● Dataset excerpt:
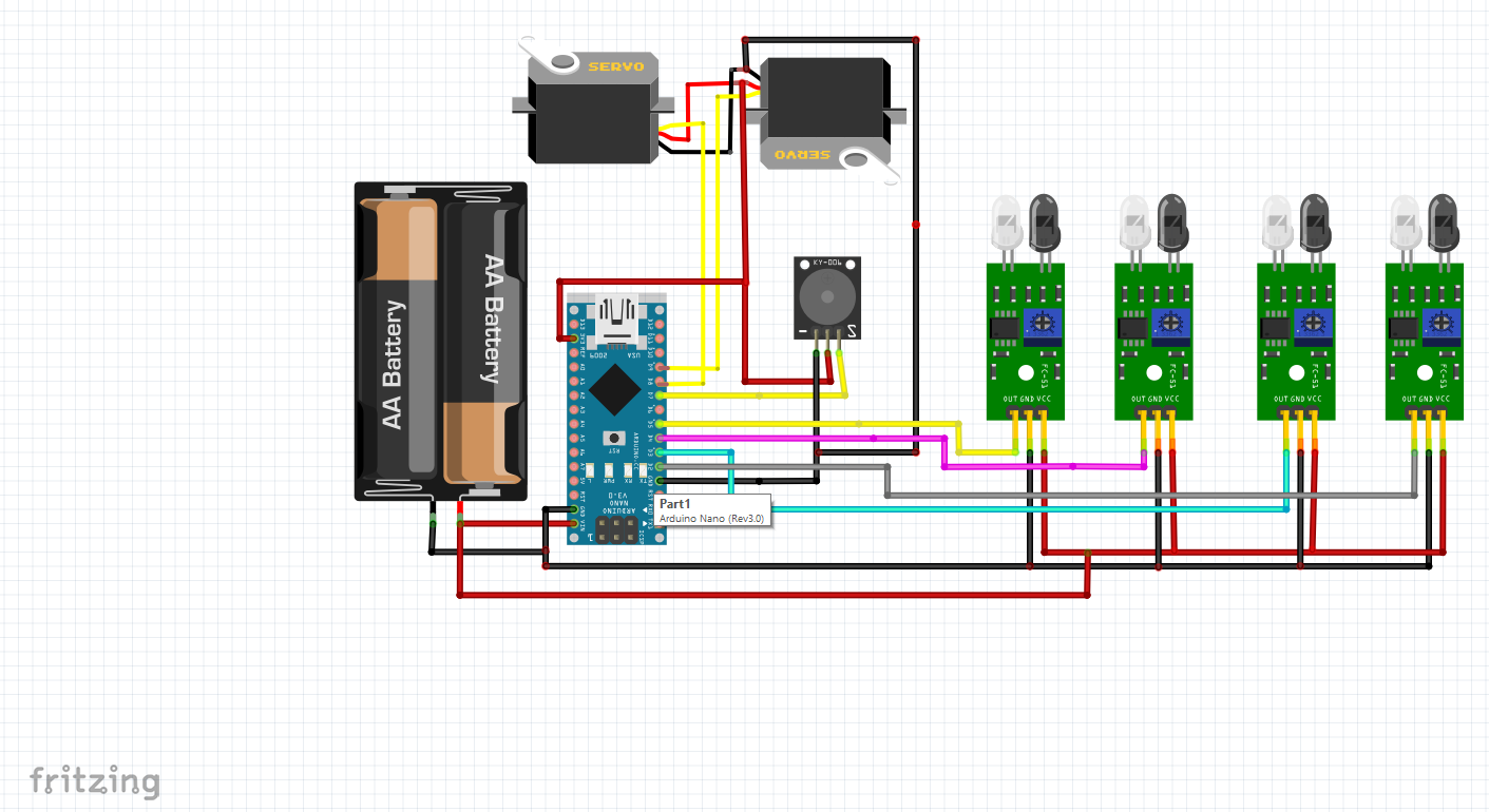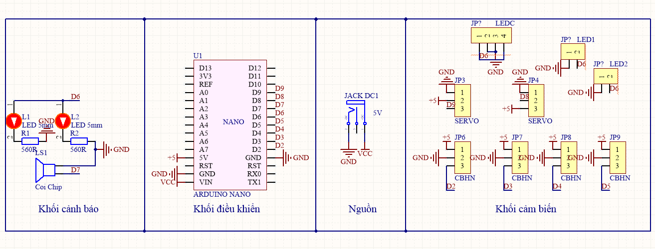- Arduino xử lý dữ liệu đó làm các SERVO hạ xuống như là barie, đồng thời bật còi cảnh báo.
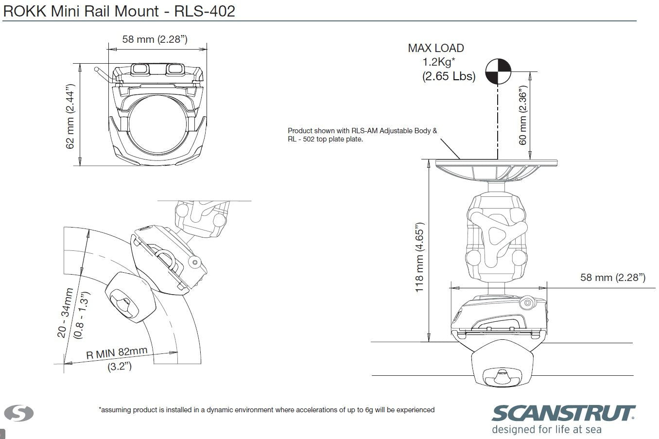 Basis zur Montage an Rohren (Ø 19 bis 34 mm) für die Scanstrut ROKK MINI Gerätehalterungen. Drei Pads zum Schutz des Rohres und vier Schrauben werden mitgeliefert.
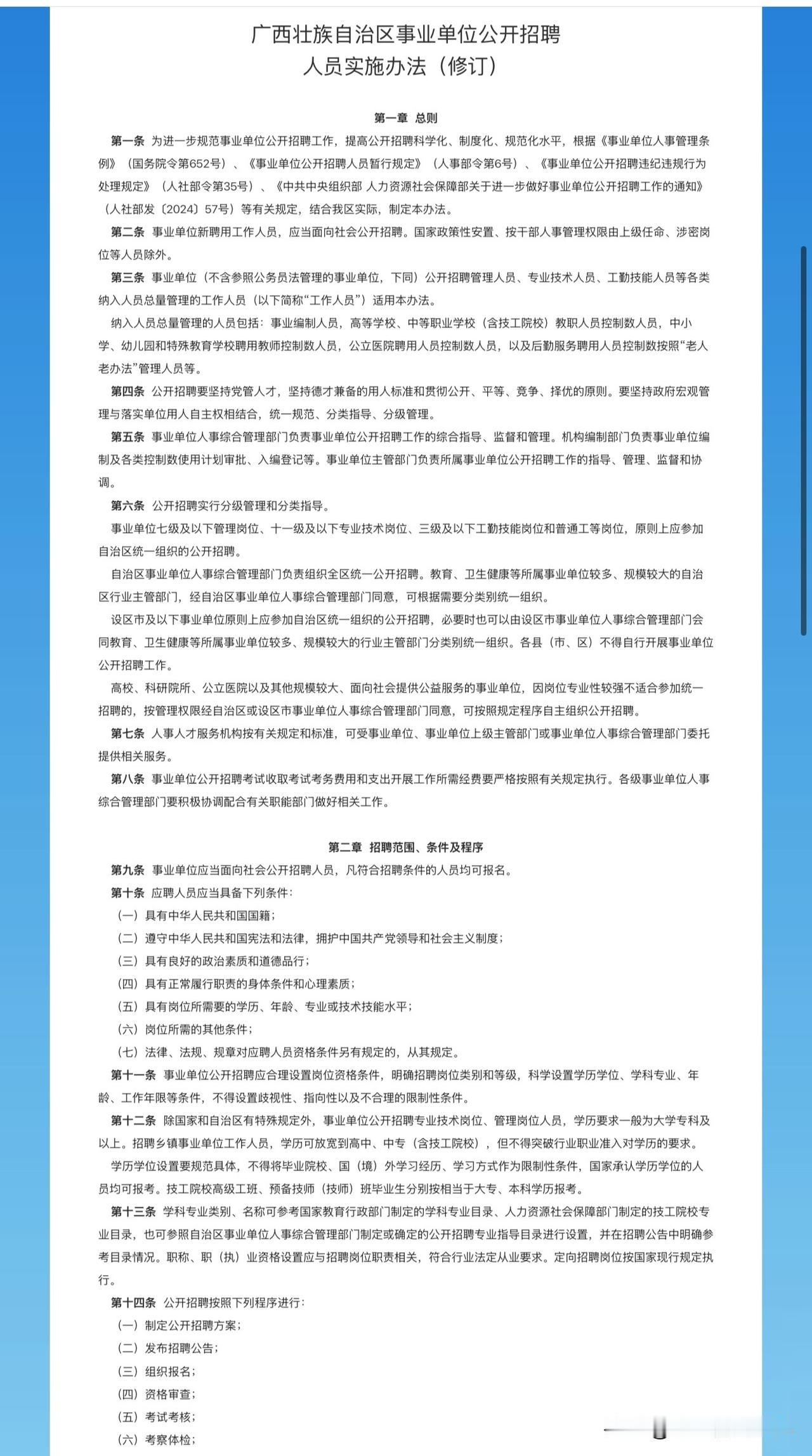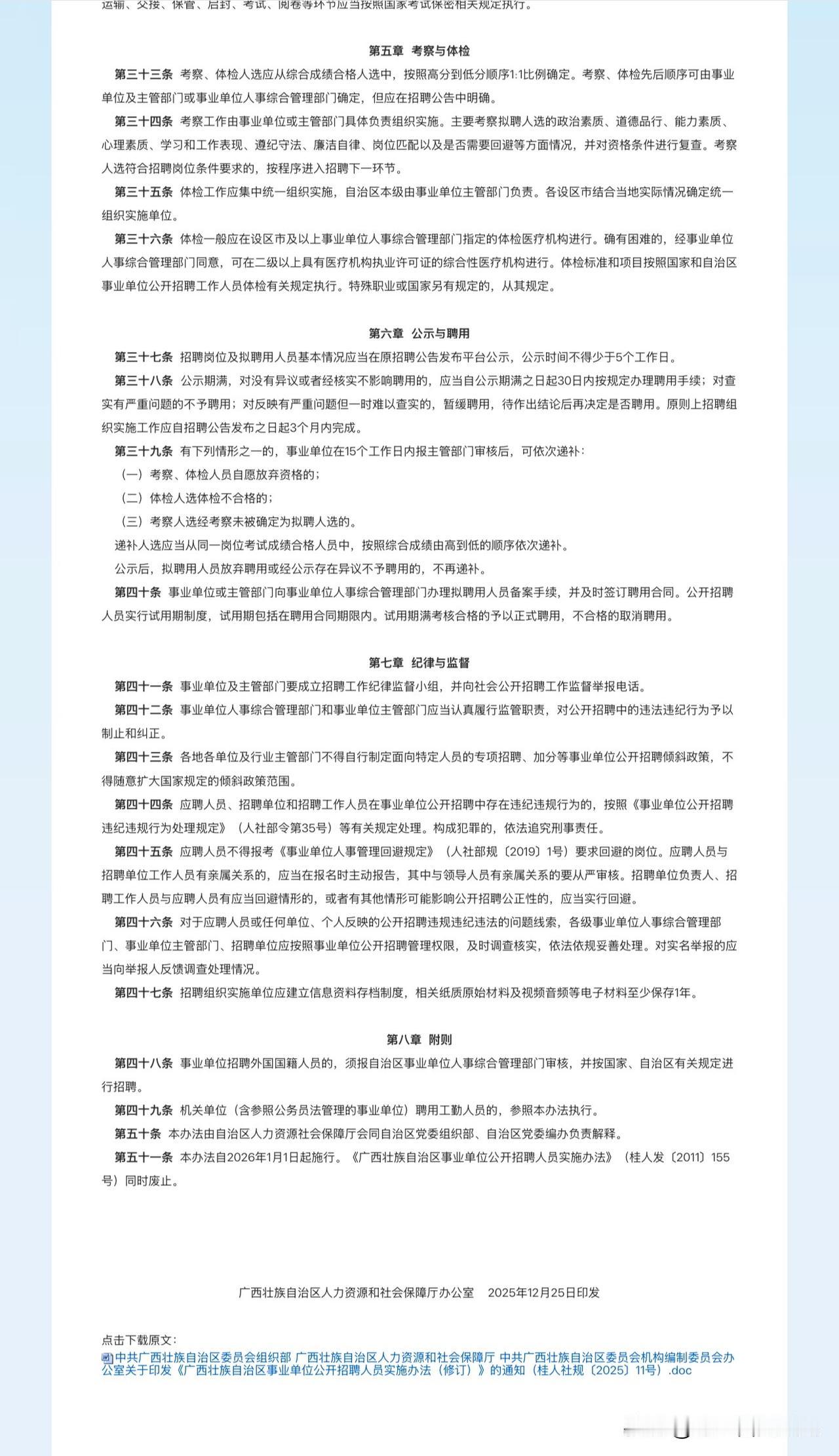 新版《广西事业单位公开招聘人员实施办法》发布,于2026年1月1日起实施,全文可以说是“动真格的”,瞄准了老百姓最反感的那些招聘乱象,这个新办法对想考事业单位的普通人来说是大利好[赞] 简单说就三点: 1、这是“紧箍咒”:专门治各种“萝卜招聘”和“内部操作”。以前那种“简历筛选”、偷偷面试、随意加分的“小动作”,现在被明确叫停。它把“公开、公平”这四个字用具体规定焊死了。 2、这是“标准流程”:以前各单位招聘花样百出,现在强调“能统一就统一”,特别是笔试。这就好比从“自由市场摆摊”变成“统一标准化考场”,对普通人来说更透明,更好操作,也堵住了很多“因人设岗”的后门。 3、这是“安全阀”:文件里反复提“风险”,就是怕再出考试泄题、组织混乱这种大事。现在从命题到考试组织都定了更严的规矩,就是为了防止出事,保住招聘的公信力。 但关键还得看 “疗效” —— 规定写得再好,如果下面执行时“打折扣”、搞“灵活变通”,那还是白搭。所以,好政策出台了,下一步更得看监管部门是不是真查、真罚,让这些“红线”真正通上电[赞][赞] 冬日生活打卡季

● Task to complete:
Where the line containing "Basis zur Montage" appears, begin writing out the lines word for word, and continue through the last line of the data, leaving out pictures.

● Response to the task:
 Basis zur Montage an Rohren (Ø 19 bis 34 mm) für die Scanstrut ROKK MINI Gerätehalterungen. Drei Pads zum Schutz des Rohres und vier Schrauben werden mitgeliefert.
 新版《广西事业单位公开招聘人员实施办法》发布,于2026年1月1日起实施,全文可以说是“动真格的”,瞄准了老百姓最反感的那些招聘乱象,这个新办法对想考事业单位的普通人来说是大利好[赞] 简单说就三点: 1、这是“紧箍咒”:专门治各种“萝卜招聘”和“内部操作”。以前那种“简历筛选”、偷偷面试、随意加分的“小动作”,现在被明确叫停。它把“公开、公平”这四个字用具体规定焊死了。 2、这是“标准流程”:以前各单位招聘花样百出,现在强调“能统一就统一”,特别是笔试。这就好比从“自由市场摆摊”变成“统一标准化考场”,对普通人来说更透明,更好操作,也堵住了很多“因人设岗”的后门。 3、这是“安全阀”:文件里反复提“风险”,就是怕再出考试泄题、组织混乱这种大事。现在从命题到考试组织都定了更严的规矩,就是为了防止出事,保住招聘的公信力。 但关键还得看 “疗效” —— 规定写得再好,如果下面执行时“打折扣”、搞“灵活变通”,那还是白搭。所以,好政策出台了,下一步更得看监管部门是不是真查、真罚,让这些“红线”真正通上电[赞][赞] 冬日生活打卡季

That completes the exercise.